The Bureau of Meteorology says although the El Nino-Southern Oscillation (ENSO) is currently neutral, strengthening model outlooks and recent cooling in the tropical Pacific Ocean has raised the chance of La Nina forming next year.
La Nina events increase the chances of above-average rainfall for northern and eastern Australia during spring and summer.
Encouragingly, BOM says there is now around a 50 per cent chance of the farmer friendly conditions forming - about double the normal likelihood.
"Most oceanic and atmospheric indicators of ENSO remain within the ENSO-neutral range," BOM says.
"However, sea surface temperatures in the central tropical Pacific Ocean have cooled over the past two months, supported by cooler than average waters beneath the surface.
"Climate models continue this cooling trend over the coming months, with three of the seven models surveyed by the bureau meeting La Nina criteria, while two additional models briefly touch La Nina thresholds."
According to BOM the negative Indian Ocean Dipole (IOD) has also weakened, with IOD values at marginal negative levels. However, the pattern of sea surface temperatures in the Indian Ocean remains likely to influence Australian rainfall over the coming months.
Models suggest this weak negative IOD pattern could persist at borderline levels through October before easing further.
A negative IOD increases the chances of above-average spring rainfall for much of southern and eastern Australia.
BOM says the Madden-Julian Oscillation (MJO) has also recently stalled over the eastern Indian Ocean. The MJO's influence on the wind patterns across the Maritime Continent region, north of Australia, may have contributed to weakening of the IOD.
"Most models indicate the MJO is likely to move across Australian longitudes in the coming fortnight, but there is divergence in the forecast strength of the MJO," BOM says.
"If the MJO remains moderately strong over Australia longitudes, it would likely lead to increased rainfall over the tropics to Australia's north, and strengthen the trade flow across the central Pacific region."
The Southern Annular Mode (SAM) index has been positive over the past three weeks, and is forecast to remain positive for several weeks to come.
"This is supported by a strengthened polar vortex over Antarctica," BOM says.

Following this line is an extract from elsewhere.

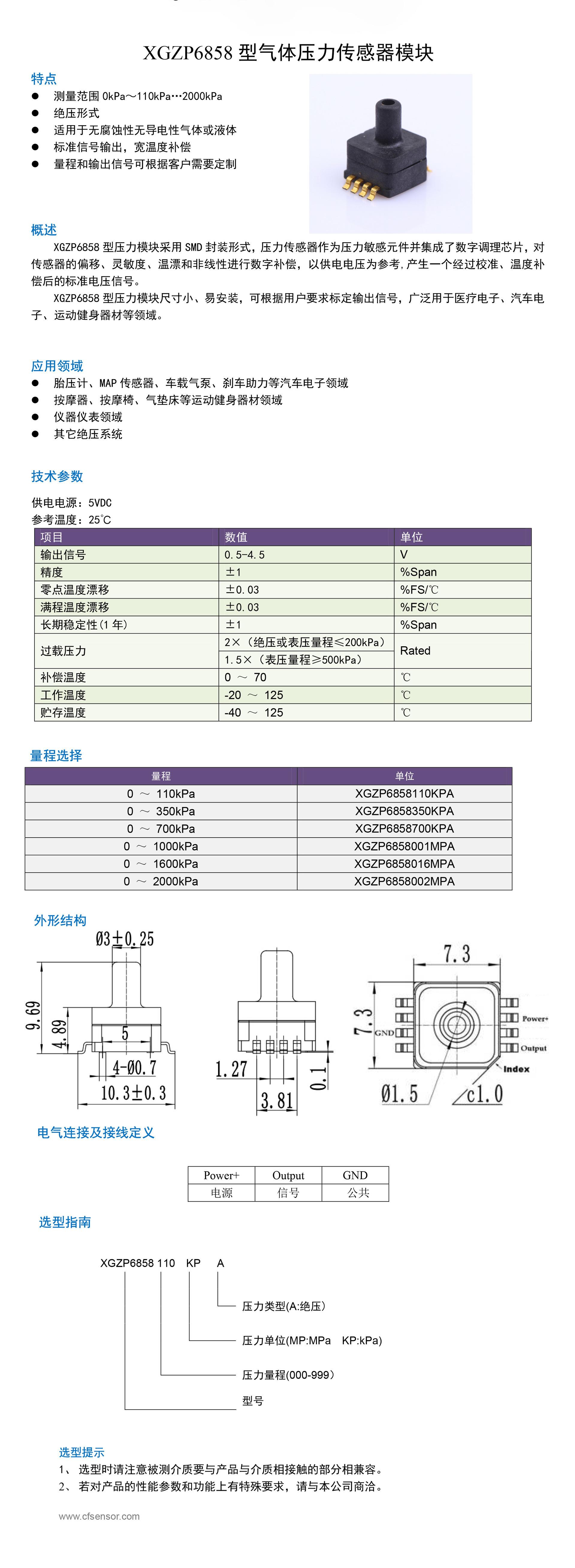 Kumquat source XGZP6858 type gas pressure sensor module absolute pressure 20-400kPa natural gas

"A positive SAM during spring typically brings wetter weather to eastern parts of Australia, but may be drier for western Tasmania."
Climate change continues as a influence.
BOM says Australia's climate has warmed by 1.44 degrees Celcius plus or minus 0.24 deg C during 1910-2019, while southern Australia has seen a reduction of 10-20pc in cool season (April-October) rainfall in recent decades.
In Northern Australia, wet season rainfall (October-April) has increased since the late 1990s with more high intensity, short duration events, the bureau says.